Because the beaver isn't just an animal; it's an ecosystem!

Tag: Elmo Heter


There is never a simple single note when it comes to beavers. Either its a good scientist saying some bad things about them, or its a bad trapper saying good things. You never know. But it’s never simple.

Connelly: Henry Jemmett and the waterway engineers

Henry Jemmett had a variety of interests; fishing, hunting, baseball, and music among them, but the interest that seemed to best define Henry and drive his awareness of the natural world was beaver trapping.

Long before that, Henry developed a deep appreciation for nature’s waterway engineer. He believed the beaver formed a nucleus within the landscape that attracted many species of wildlife including deer, waterfowl, mink, muskrats, coyotes, and bobcats, and enthusiastically described the excellent fishing found at beaver dams.

Up until Henry was 14 or 15, in the early 1930s, beaver were very scarce in the Blackfoot River country. Henry wrote that his dad remembered two trappers that almost wiped out the beaver in this area. Henry said that by the early ‘30s beaver started to again appear, slowly at first and then he and his brother George began to see more and more signs while exploring the area’s streams. Eventually beaver became so numerous that a caretaker trapper was assigned to this part of the state to control beaver numbers.
 
Idaho Fish and Game must have been an interesting place in those days. Trappers like Henry and Elmo Heter who you know because of them famous parachuting story. These were wardens who believed furbearers should be trapped but also that beavers made a pretty big damn difference where ever they landed. Now it seems people believe either A or B. You’re either PETA or you’re a Trophy Hunter. But there was a time people believed both.
 

Henry became the caretaker trapper in 1946. Caretakers were given a percentage of the selling price of the pelts. The pelt allotment to the caretaker was 68 for the stretch of the Blackfoot River that extended from Government Dam to the mouth of Wolverine Creek, including all of the river tributaries. This allotment was increased in 1949. Henry said that besides the living that his job provided “the fringe benefits were wonderful” because they included a life in the outdoors. From the 1946-47 winter through the 1956-57 winter Henry reported trapping 1,717 beaver along the Blackfoot River and its tributaries.

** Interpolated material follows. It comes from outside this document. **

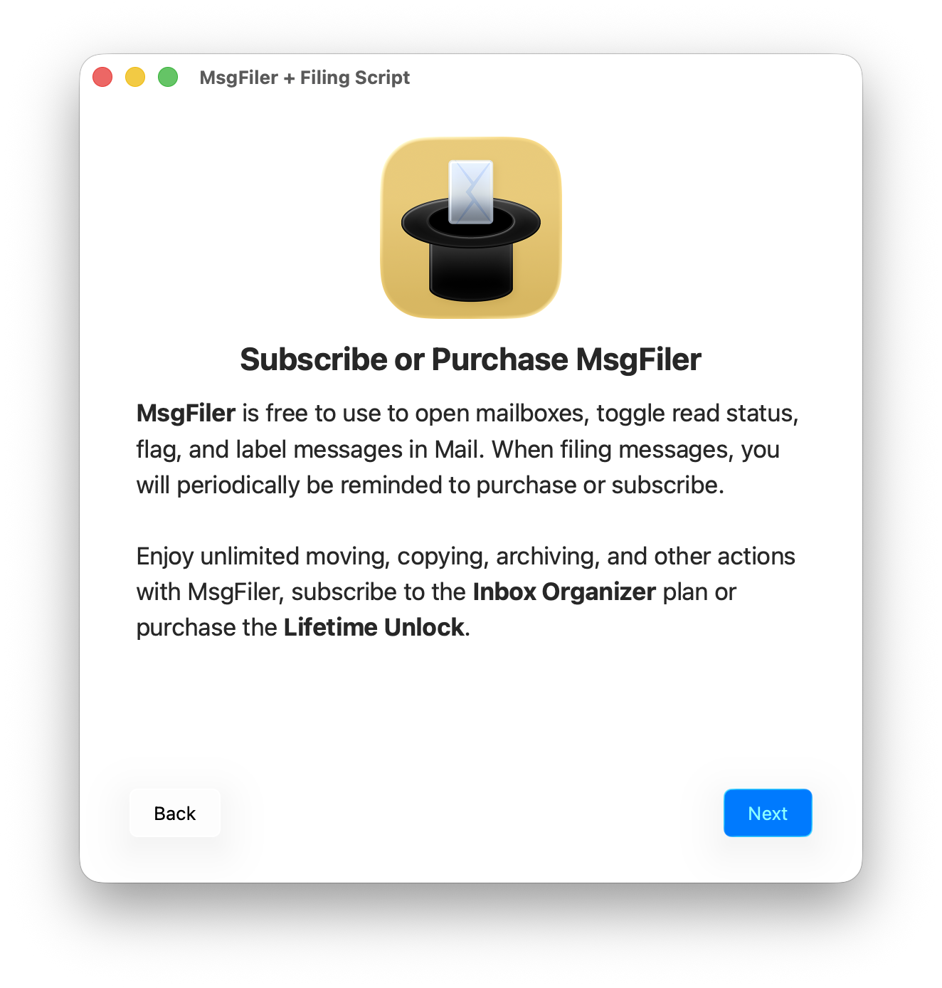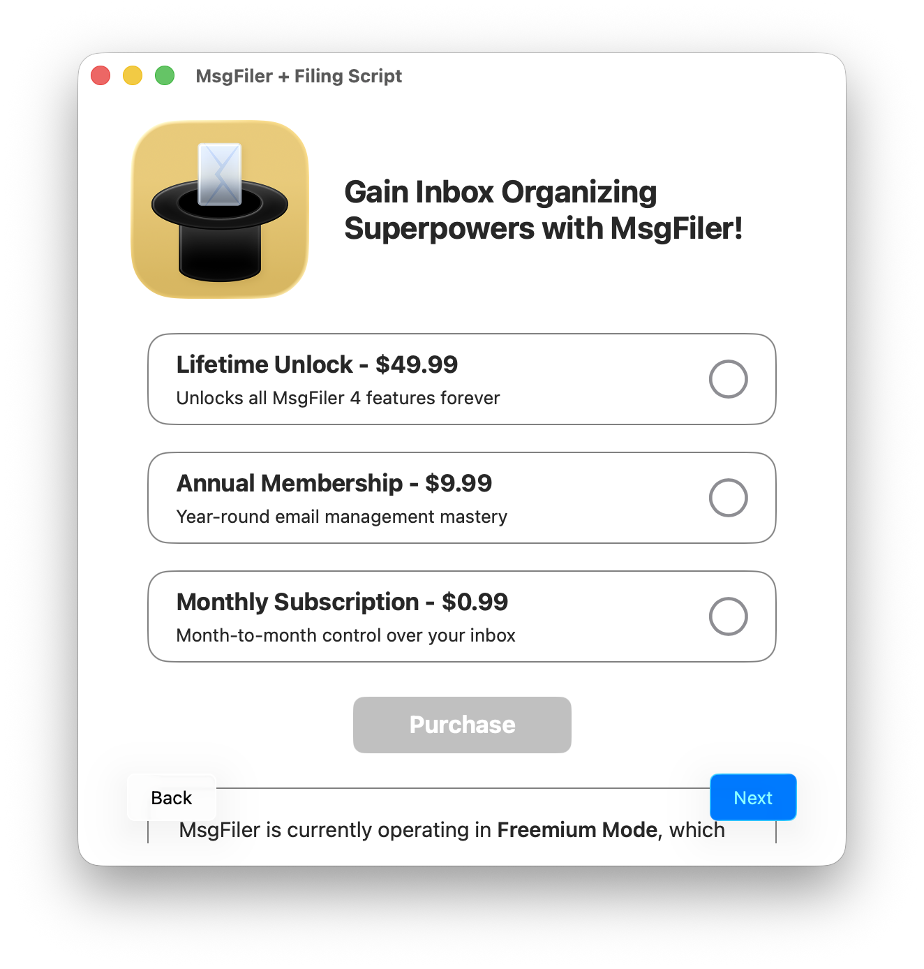If you downloaded MsgFiler 4 from the Mac App Store, you will be presented with options to purchase a  **Lifetime Unlock** or to subscribe to one of the **Inbox Organization** subscription plans when you click the **Next** button.

Henry didn’t just trap beaver for their pelts. In summer, he live-trapped beaver for restocking other areas of the state. As an example, he live-trapped 14 beaver in 1958 for restocking the Salmon River watershed.

Henry trapped beaver, transplanted beaver, and even explored the culinary qualities of beaver. Henry had heard tales of how old-time trappers relished beaver tail, or as Henry put it “the part of the beaver that entered the water last.” He wondered, though, why these old mountain men didn’t sing the praises of the rest of the beaver as table fare, meat Henry described as fine-tasting, juicy, and edible. Henry set out to investigate this mystery of the mountains. He concluded that anyone taking the time to prepare beaver tail for the pot would “surely starve to death” because the tail only offered a piece of bone and gristle covered by a scaly hide.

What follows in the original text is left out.